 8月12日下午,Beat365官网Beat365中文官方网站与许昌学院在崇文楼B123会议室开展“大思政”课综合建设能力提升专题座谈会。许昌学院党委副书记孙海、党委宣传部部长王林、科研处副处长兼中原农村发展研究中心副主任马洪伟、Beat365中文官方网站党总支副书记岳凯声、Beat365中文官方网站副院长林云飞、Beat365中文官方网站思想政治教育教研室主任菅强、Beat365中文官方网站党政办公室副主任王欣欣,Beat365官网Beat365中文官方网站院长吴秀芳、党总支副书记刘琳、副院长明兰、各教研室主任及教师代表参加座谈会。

++++++++++++++++++++

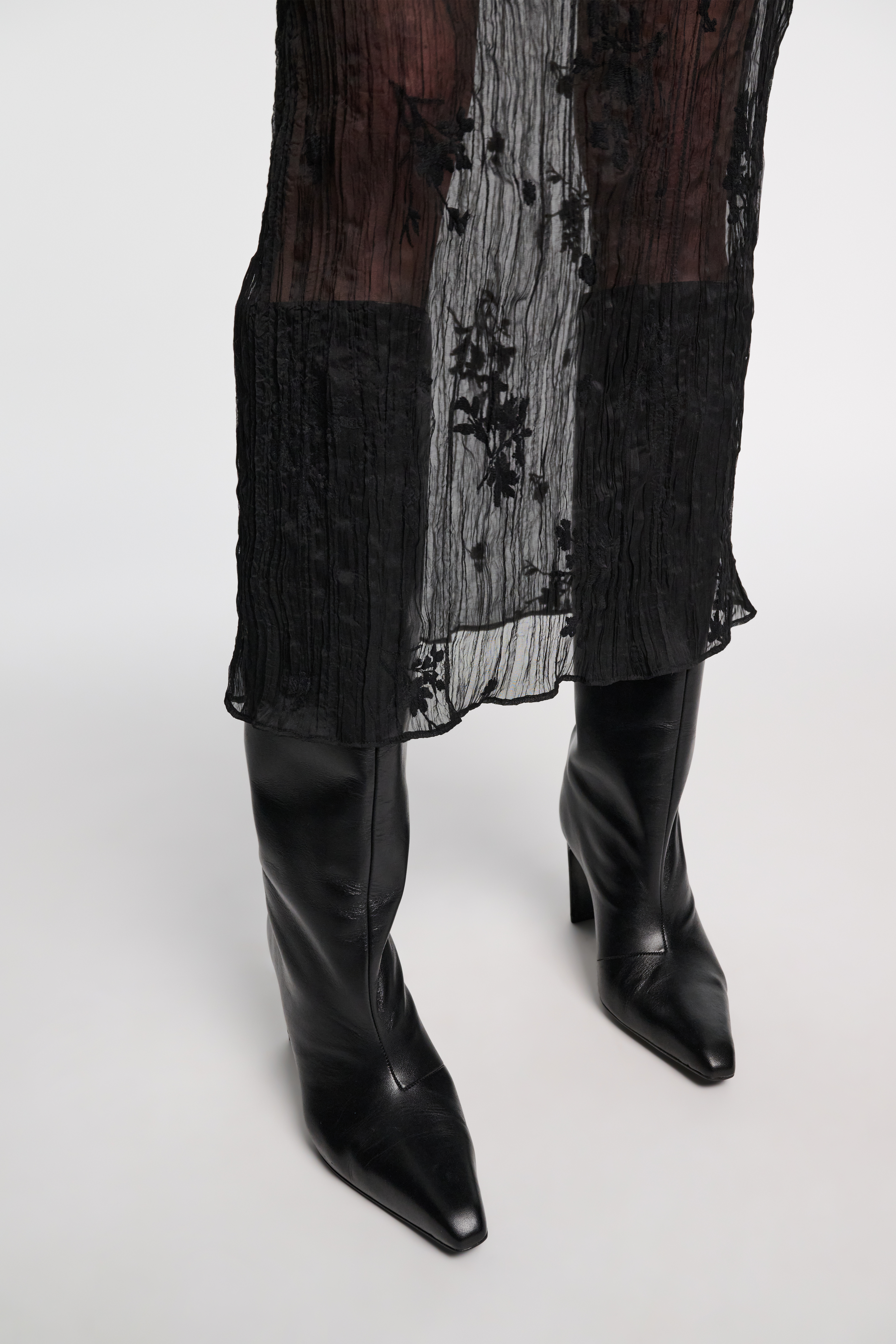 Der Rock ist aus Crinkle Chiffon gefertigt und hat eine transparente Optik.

++++++++++++++++++++

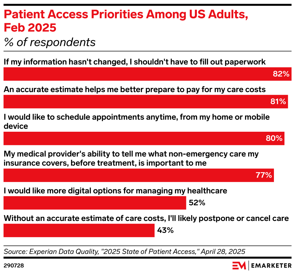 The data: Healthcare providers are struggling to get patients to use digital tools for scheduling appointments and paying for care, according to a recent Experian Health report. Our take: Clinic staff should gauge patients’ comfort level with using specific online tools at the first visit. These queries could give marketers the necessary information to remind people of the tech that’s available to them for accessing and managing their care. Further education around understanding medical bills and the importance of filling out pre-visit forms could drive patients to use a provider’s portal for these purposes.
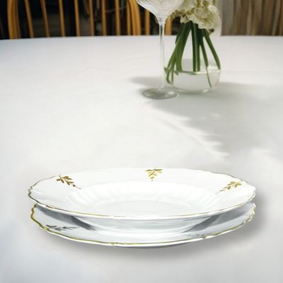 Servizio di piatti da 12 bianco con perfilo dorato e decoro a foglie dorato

++++++++++++++++++++

• WORK TO BE COMPLETED
Using the data above, print only the lines starting at the one with "The data: Healthcare" and ending at the one with "Servizio di piatti", exactly as they stand, minus the pictures.

• EXERCISE SOLUTION
 The data: Healthcare providers are struggling to get patients to use digital tools for scheduling appointments and paying for care, according to a recent Experian Health report. Our take: Clinic staff should gauge patients’ comfort level with using specific online tools at the first visit. These queries could give marketers the necessary information to remind people of the tech that’s available to them for accessing and managing their care. Further education around understanding medical bills and the importance of filling out pre-visit forms could drive patients to use a provider’s portal for these purposes.
 Servizio di piatti da 12 bianco con perfilo dorato e decoro a foglie dorato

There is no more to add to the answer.